Causes of Blindness in the UK

Loss of sight can occur as a result of disease, defect or injury; it may develop gradually or suddenly or be present from birth. Blindness is defined differently from country to country; in the UK, people are said to be blind if they are unable to perform any work for which eyesight is essential. Partial sight has no specific legal definition, but it is a lesser visual disability that can still affect a person’s lifestyle or employment. It is not the same as poor vision, which can be corrected with glasses or contact lenses.

Causes of Blindness

Blindness in the UK

Normal vision depends on light passing through the eye and reaching the light receptors in the retina; here, light energy is translated into nerve impulses that are sent to the brain via the optic nerve.
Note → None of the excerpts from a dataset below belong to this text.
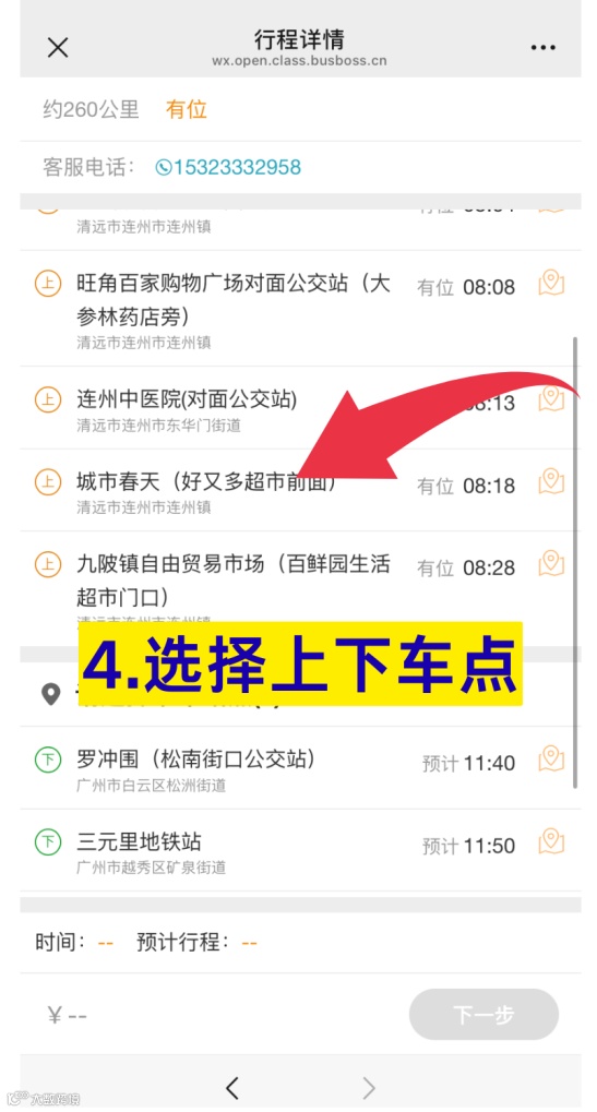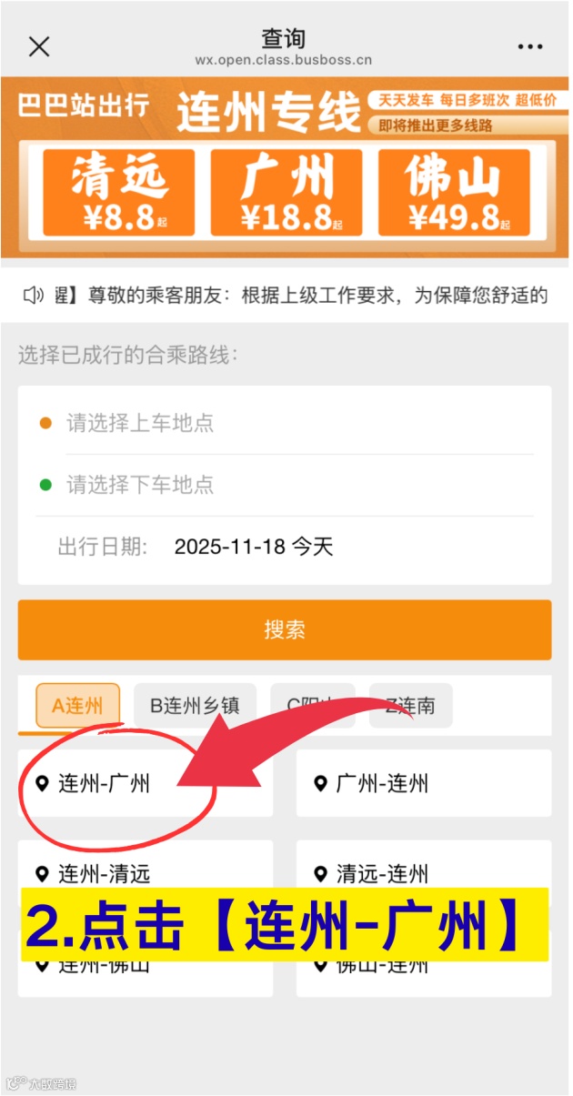 繼續(xù)選擇【連州-廣州】線路
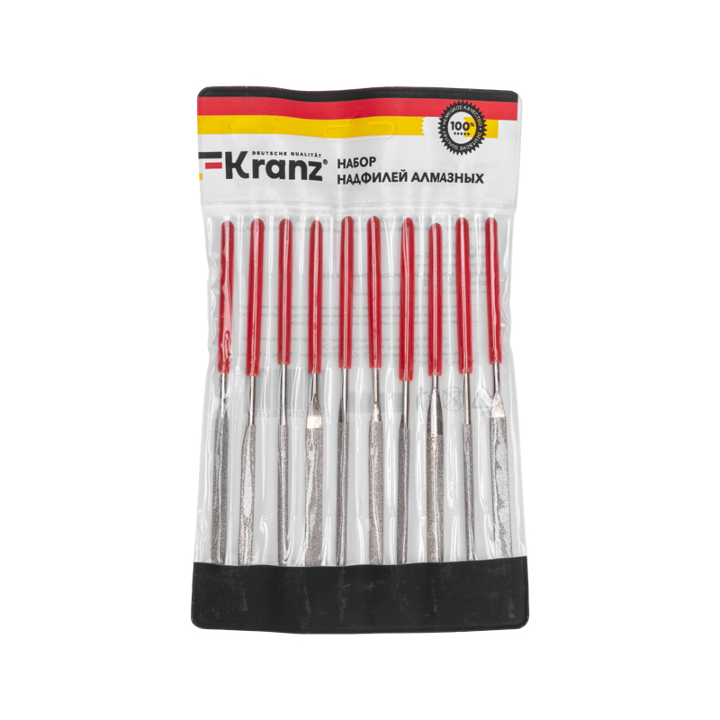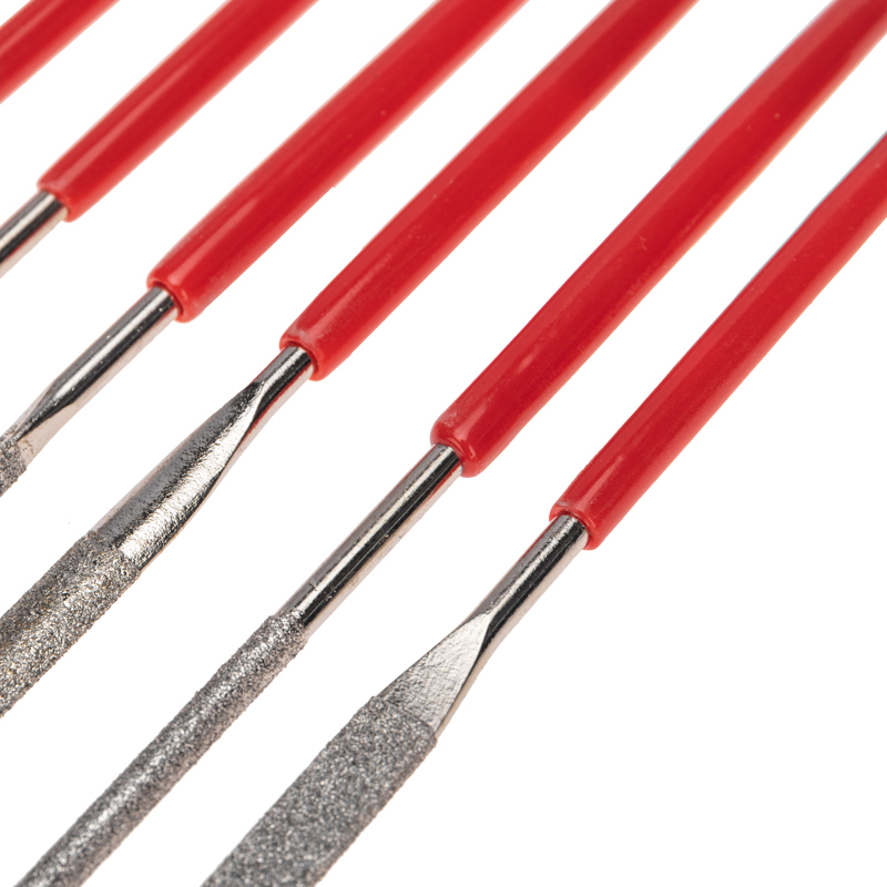 Набор комплектуется десятью надфилями с напылением из алмазной крошки, которые применяются для мелких слесарных работ с особо твердыми материалами: металлом, керамической плиткой, стеклом и др.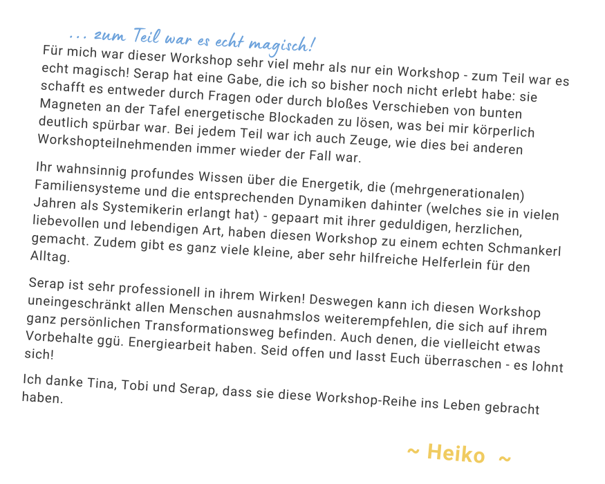 Wir blicken auf 25 meist unbewusst wirkende Kernverstrickungen in Familiensystemen mit dem Ziel sie aus dem unbewussten ins Bewusste zu holen und somit unsichtbar wirkende Lebensblockaden durch die Wiederherstellung der natürlichen Ordnungen aufzulösen.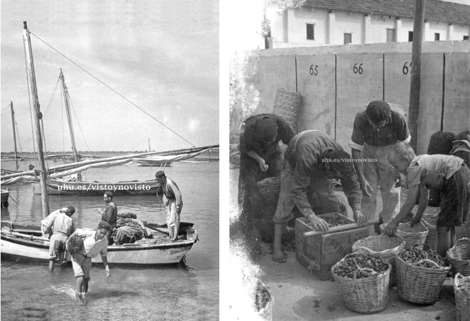 Las dos instantáneas nos muestran la descarga del marisco en puerto y su primera preparación en cajas para el transporte.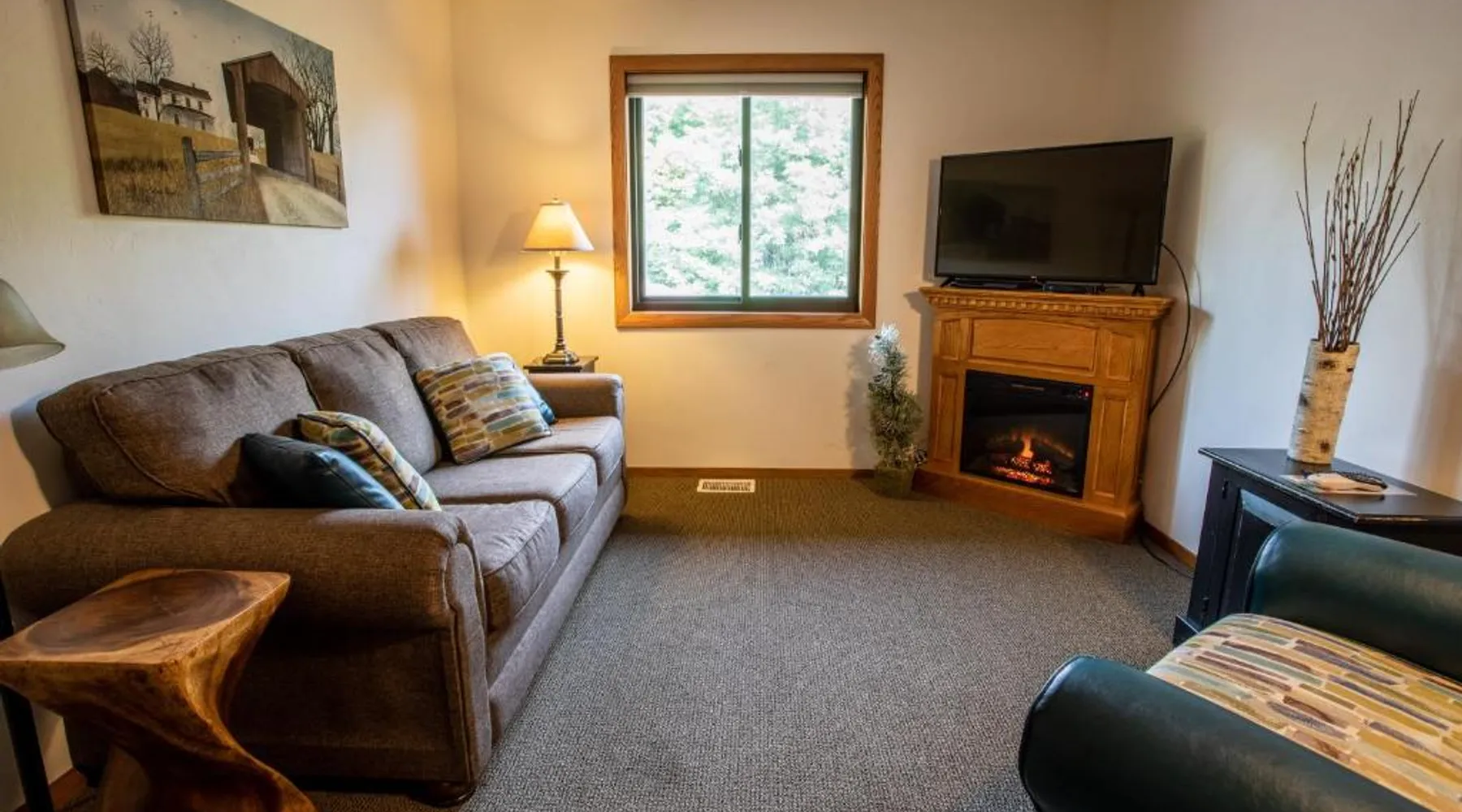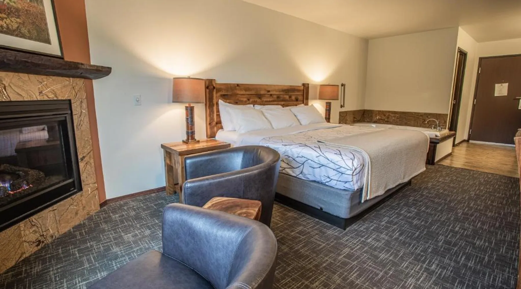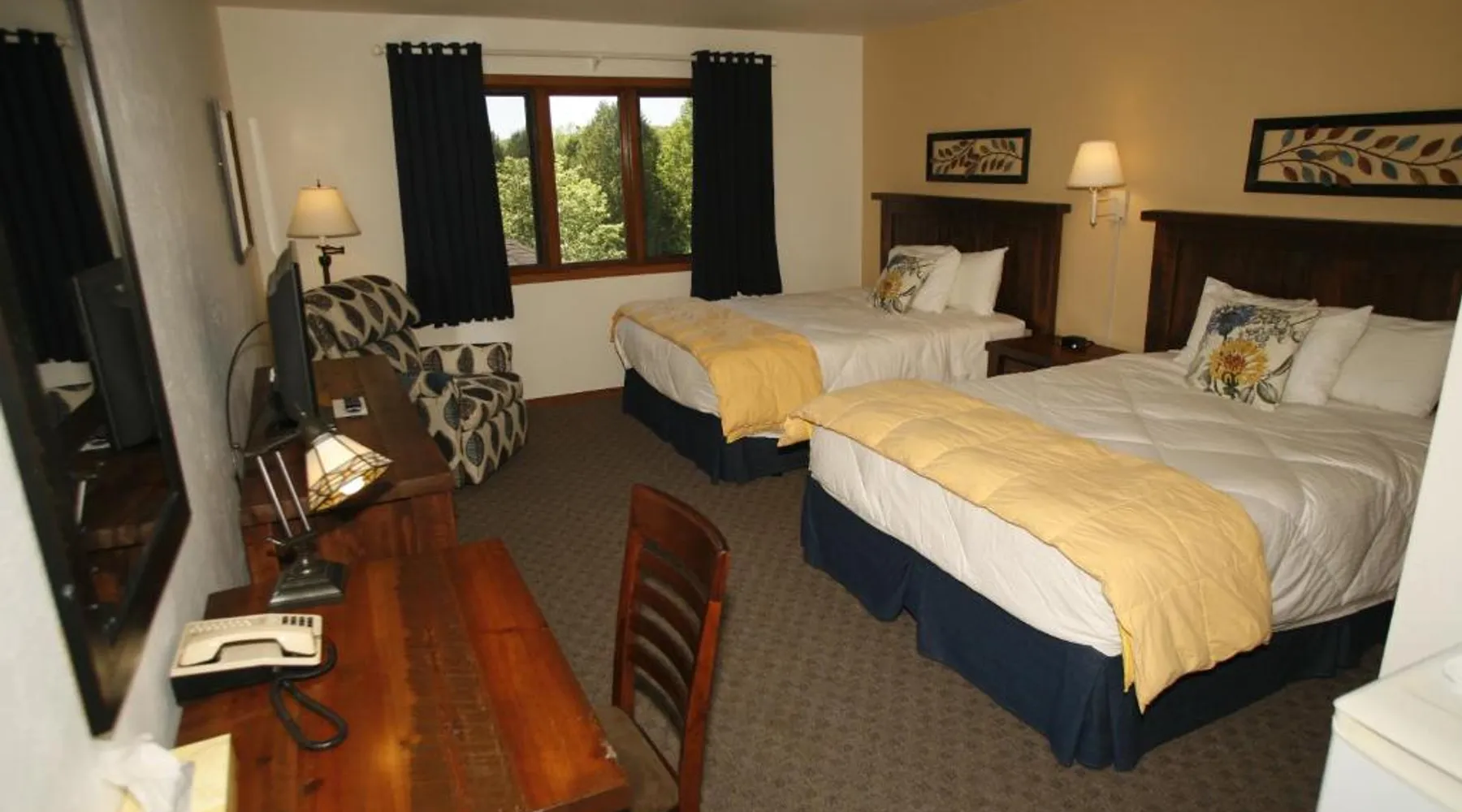 Featuring an indoor pool and hot tub, Open Hearth Lodge is located in Door County’s Sister Bay. The town center and access to Lake Michigan are 3 minutes’ drive away. Free WiFi access is available. Cable TV is provided in every air-conditioned room at Open Hearth Lodge. There is also a refrigerator and work desk. Featuring a shower, private bathrooms also come with a bath or shower and a hairdryer. Outdoor BBQ facilities and a fire pit are featured at Sister Bay Open Hearth Lodge. Pet friendly rooms are available in select rooms upon request. Other facilities offered at the property include access to hiking and biking trails and a children’s playground. The property offers free parking. Bay Ridge Golf Course is located across the street from this hotel. Peninsula State Park is 10 minutes’ drive away. Cable TV is included in this room, along with a hairdryer and refrigerator for convenience. Pets are not allowed in this room.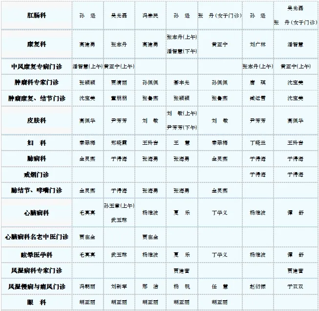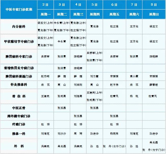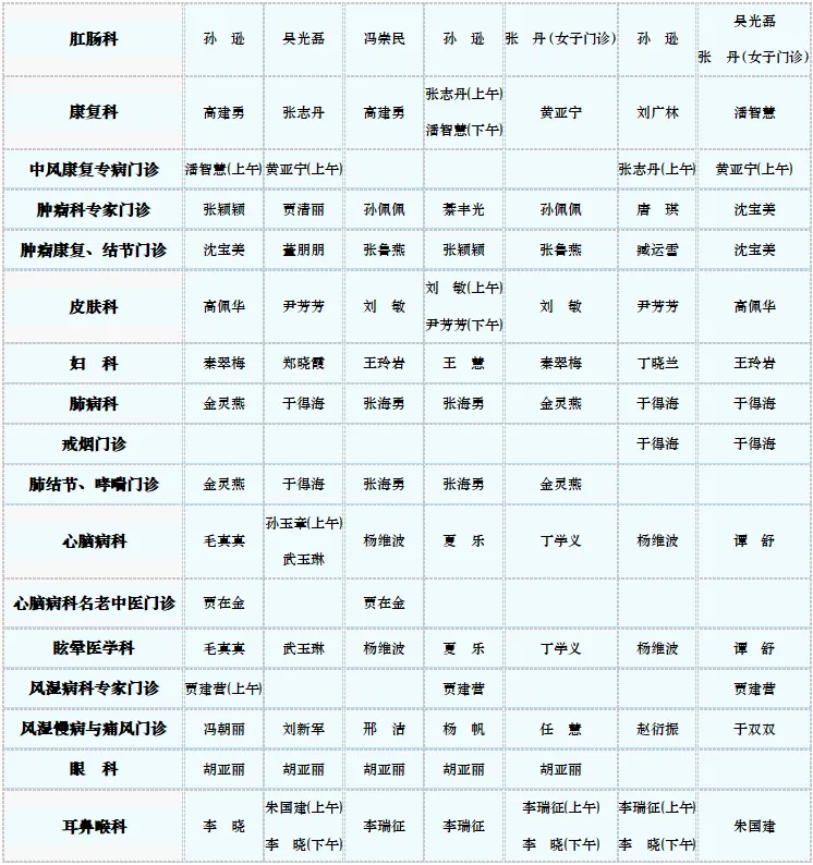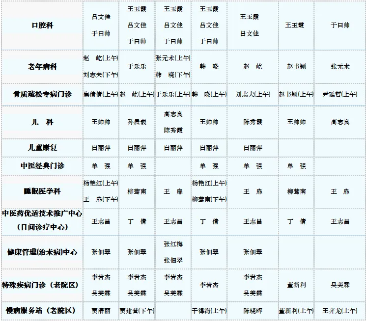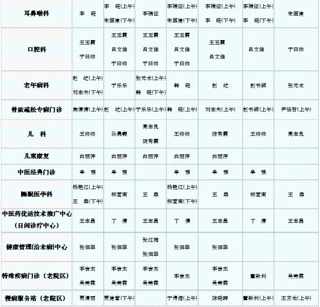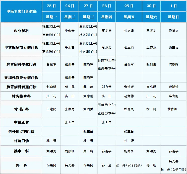 滨州市中医医院(滨州医学院附属中医医院)2024年11月25日-12月8日门诊值班表

Anything that blocks the passage of light or interferes with the nerve impulses can result in blindness.

The major causes of blindness worldwide are: cataract, the clouding of the internal focusing lens of the eye; glaucoma, nerve damage to the retina and optic nerve caused by high pressure within the eyeball; trachoma, a bacterial infection that causes scarring of the cornea and conjunctiva; onchocerciasis, which is a tropical disease of the skin caused by larvae of a parasitic worm; and conditions such as diabetes, which can cause damage to the retina, and dietary deficiency – corneal disease linked to lack of vitamin A, for example, is a major cause of blindness.

 

BLINDNESS IN THE UK

There are almost 200,000 people registered as blind in the UK and almost 160,000 registered as partially sighted – around 6 in every 10,000. But many blind and partially sighted people are not officially registered, and the actual number is estimated to be just over 1 million. Colour blindness is not really a form of blindness; sufferers, who are usually male, often have good vision but a reduced capacity to perceive various different colours.

Some diseases causing blindness affect different age groups. The majority of blind people are over 65 and have lost their sight as a result of a condition that develops in later life.